Salah satu pokok perkara yang akan diuji di persidangan adalah perubahan komposisi pembagian kuota haji tambahan. JPU menyebut komposisi yang semula 92 persen untuk jemaah haji reguler dan 8 persen untuk haji khusus bergeser menjadi 50 persen untuk haji reguler dan 50 persen untuk haji khusus.
Menurut dakwaan JPU, perubahan tersebut diduga membuka keuntungan bagi sejumlah pihak dan korporasi yang terlibat dalam penyelenggaraan haji khusus.
KPK mendalilkan kerugian keuangan negara mencapai sekitar Rp622,09 miliar.
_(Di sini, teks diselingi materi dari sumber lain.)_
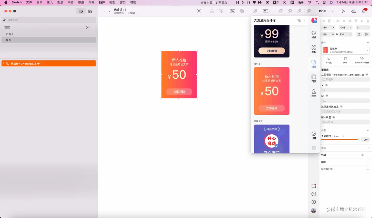 将Sketch设计稿中选中的图层导出为选定的语言类型的代码,比如GaiaX模板、React、Rax、Vue、小程序等,导出的代码布局方式基于盒子模型布局(Flexbox)和绝对布局(Absolute);对于节点的层级,【导出代码】会在导出的过程中进行不断的优化,使层级尽可能的少且合理

Angka tersebut disebut berasal dari sejumlah komponen, termasuk keuntungan PIHK atas keberangkatan jemaah yang menurut dakwaan tidak berhak berangkat, dugaan penjualan kuota petugas haji khusus, hingga fee percepatan pengisian kuota haji khusus tambahan.
Dalam dakwaan itu pula, Gus Yaqut disebut menerima 271.500 dolar Amerika Serikat atau sekitar Rp4,83 miliar.
Dengan 303 saksi dan tujuh ahli yang telah disiapkan JPU, persidangan perkara ini diperkirakan akan mengurai secara panjang mekanisme pengelolaan kuota haji tambahan, mulai dari proses pengambilan kebijakan, distribusi kuota, hingga dugaan aliran keuntungan kepada sejumlah pihak.
Kini, seluruh dalil tersebut akan diuji satu per satu di ruang sidang. JPU KPK harus membuktikan dakwaannya, sementara para terdakwa berhak mengajukan pembelaan atas seluruh tuduhan yang dialamatkan kepada mereka.